Мне кажется, что эта книга нужна в первую очередь людям, которые действительно хотят понять себя, понять, почему мы такие, какие есть, что на нас влияет, каким образом мы развиваемся. Понять, насколько мы жертвы судьбы, а в какой степени мы сами создаем свою жизнь и за нее отвечаем. Мы пушинки, которые несет судьба и которые ничего не могут с этим сделать, или мы сами строим свою судьбу? Наверное, это самое важное.

У меня есть несколько книг, которые я перечитываю с некоей периодичностью, некоторые каждый год. Мне интересно, как меняется мое восприятие. Бывает, ты читаешь и ждешь определенных моментов, где у тебя раньше слезы выступали или мурашки бегали по коже. А оказывается, что теперь тебя трогают другие моменты, а те ты уже спокойно воспринимаешь. Потому что время идет, и ты взрослеешь. Но главное, что влияет на восприятие, – это контекст, в котором ты читаешь. Одно дело – читать, когда у тебя все хорошо, настроение прекрасное, а другое – когда что-то происходит в твоей жизни или в стране. Сейчас, готовясь к интервью, я снова открыла книгу Томаса Манна с мыслью о том, чем в сегодняшней ситуации была бы полезна эта книга. В этом романе каждый человек делает выбор и дальше несет за него ответственность. Но критерии выбора у всех разные. С позиций сегодняшнего дня там интересна еще одна тема – служение своему народу: то, как по-разному в каждом времени понимается это служение. Вторая жизнь Иосифа, уже в Египте, фактически связана с идеей служения, несмотря на то что это не его страна. Но дело не в стране, не в национальном контексте. Там звучит такая идея, что ты не просто так живешь, нельзя переступать через себя, нужно оставаться человеком и понимать, ради чего ты живешь.

Томас Манн
Томас Манн
LiveLib

Ольга Дымарская, ведущий научный сотрудник Центра общего и дополнительного образования имени А.А. Пинского Института образования

В конце 1980-х – начале 1990-х были в ходу такие анкеты, не социологические, а девчачьи, дневникового характера, которые давали заполнять друзьям. И там был пункт «Твоя любимая книга». Мне кажется, с тех пор больше я этим вопросом не задавалась. А сейчас вспомнила свой ответ тех лет и, подумав, с ним согласилась.

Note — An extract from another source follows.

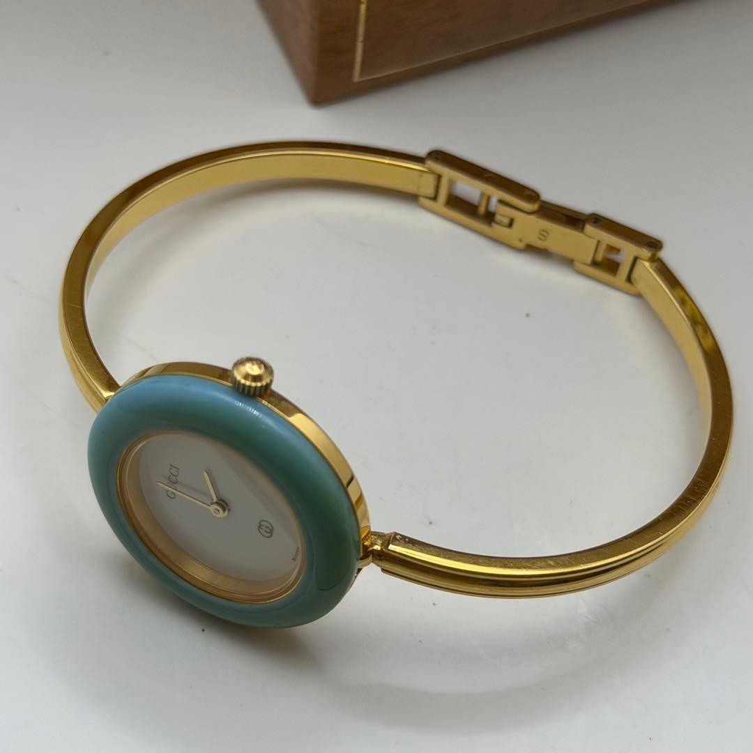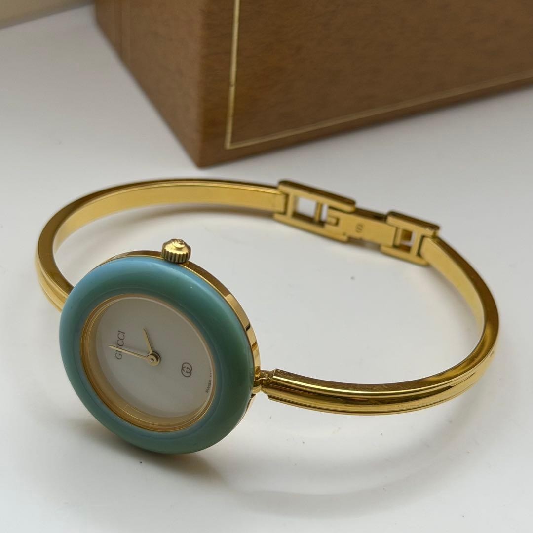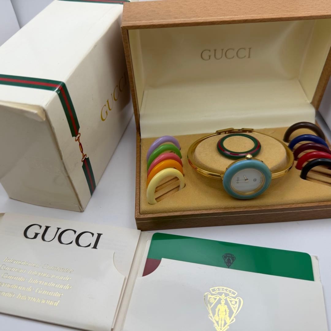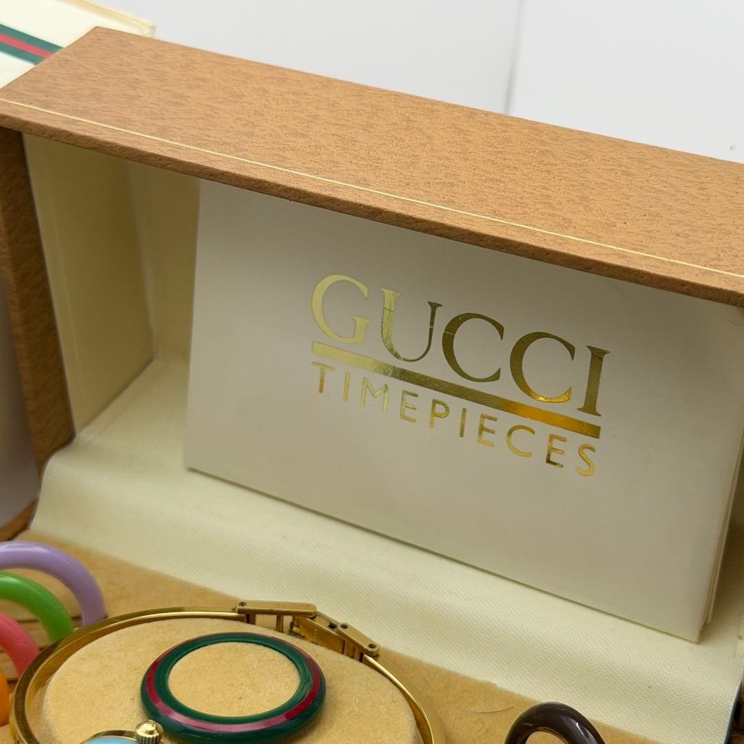как выглядит GUCCI Change Bezel 12 Colors Gold Womens Watch M Size Working Very Beautiful фото

Моя любимая книга – это трилогия Александры Яковлевны Бруштейн, из которой более известна первая часть под названием «Дорога уходит в даль». Но там есть еще две части, которые не так на слуху, я даже сейчас не вспомнила их названия, но по содержанию они связаны: это «В рассветный час» и «Весна». Откуда ко мне пришла эта книга? Наверняка она взялась из семейной библиотеки одной из моих бабушек. Книга была очень старой, 1950–1960-х годов издания, и я не уверена, что она после этого переиздавалась. Мне встречалось такое авторитетное мнение, что это чуть ли не самая знаменитая советская книга. Меня это мнение, честно говоря, удивило. То есть для меня-то это очень понятная, родная книга, но, чтобы она была известна среди моих ровесников и производила на них неизгладимое впечатление, я не замечала.

Александра Бруштейн
Александра Бруштейн
Я хочу рассказать вам...

Я читала и обсуждала ее со своей ближайшей подругой, и в этом не было ничего странного: две еврейские девочки в провинциальном городе на сломе эпох. Это была книга про меня, про нас, она оказалась нам очень близка по духу, но я не помню, чтобы мы ее обсуждали с кем-то еще. 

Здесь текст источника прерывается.